The design process is illustrated in Figure 5. The project was reviewed at multiple levels, including the IRB, ethics committee, community board, legal department, and Office for Human Research Protections. The Vanderbilt DNA databank is compliant with the regulations relating to the protection of human subjects as set forth by the Office for Human Research Protections and the Vanderbilt IRB. In addition, given the seminal nature of the program and the multitude of ethical domains affected, the protection model includes ongoing institutional and IRB oversight; evaluation by the Medical Center’s Ethics committee; and the establishment of Ethics, Scientific, and Community Advisory Boards.

Figure 5.

Figure 5

Program review. The program plan was reviewed by the Office for Human Research Protections (OHRP) and the Institutional Review Board (IRB).
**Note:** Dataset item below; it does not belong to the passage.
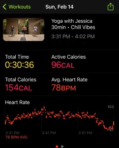 After that did some yoga. I went with Apple Fitness+ and chose Yoga with Jessica for 30 minutes. This ended up being a bit more challenging than I expected. However, I felt so great after I was done. Yoga is so amazing and one day I will get a yoga routine down.

The IRB recommended further review from the standpoint of ethics, and the Ethics Review recommendations included the formation of a Community Advisory Board. The IRB, Ethics, and Community reviews resulted in program revisions, and these are ongoing.

The review of the design among the various boards was iterative: after initial review and recommendations, the overall project, its components, and the results of preliminary validation studies were re-reviewed, leading to further recommendations for program adjustment. The studies described here, initiated on the basis of these reviews, evaluated the efficacy of sample handling and de-identification procedures and explored community response. Each was separately reviewed and approved by the IRB.

Interactions with the community

Three projects were conducted to gauge the community’s reaction to a planned biobank: (i) a series of focus groups with lay members of the community (patients and nonpatients of varying socioeconomic, racial, and ethnic backgrounds); (ii) a mail survey consisting of a pretested, 38-item questionnaire sent to a random sample of 5,000 inpatients, outpatients, and emergency department patients; and (iii) an evaluation of the impact of placing posters describing the databank at blood-drawing stations.

Sample handling and interface with the SD

Clinical laboratories at Vanderbilt University Medical Center routinely retain blood samples (generally for ~3 days) before discarding them. Programs were developed to screen blood samples, obtained for routine clinical care and about to be discarded, for eligibility. The samples that are included are immediately transferred to tubes and relabeled with the 128-character RUI. Exclusion criteria are listed in Table 2. Duplicate blood samples are excluded by executing the hash function in real time on an individual sample that meets all other inclusion criteria. At the time the hash value is generated, it is checked against the table of existing values. If the identical string of characters exists, the sample is deemed a duplicate and blocked from acceptance. A proportion of the eligible records (currently, ~50%) is randomly excluded so as to further ensure that it is never known which patients’ samples (of those that could be included) are actually in the databank.

Table 2.

Inclusion and exclusion criteria

Manual exclusions
 Poor quality
 Insufficient blood volume
Automated exclusions
 Minors
 No signed consent to treatment form (includes the emergency department)
 Samples from individuals who opted out
 Non-Vanderbilt samples
 Duplicate samples
 A percentage randomly selected

Two tests of the sample handling procedures and their interface with the SD were conducted. In the first, a set of 384 randomly selected samples that met the acceptance criteria were processed and genotyped for a gender-specific marker, using the Taqman amelogenin insertion/ deletion polymorphism assay. The second test of sample handling involved genotyping a set of 24 samples with a diagnosis of sickle cell disease based on the medical record and 33 samples with a diagnosis of age-related macular degeneration and an associated common complement H susceptibility42 nested in a test collection of 243 control samples from patients who did not have either condition. The hemoglobin gene (HBB) was resequenced from 200 base pairs upstream from the start codon to 300 base pairs into the coding sequence, a segment that includes the majority of sickle cell mutations. The age-related macular degeneration complement H susceptibility allele (rs1061170) was assayed using a Taqman assay on an ABI 7900HT instrument (Applied Biosystems).

The SD

The SD is a database containing all clinical information in the EMR and its associated entry-order relational database but stripped of personal identifiers. The clinical systems have been in use since the mid-1990s and have been undergoing further development. They contain ~120 gigabytes (not including images) of information and >300,000,000 observations relating to 1.4 million subjects. On any given workday, there are between 4,200 and 5,200 concurrent users of the EMR, who are health-care providers such as doctors and nurses. Both structured (e.g., name–value pairs of laboratory tests, ICD9/10 diagnosis codes) and unstructured but searchable data (e.g., narrative progress and procedure notes) are included.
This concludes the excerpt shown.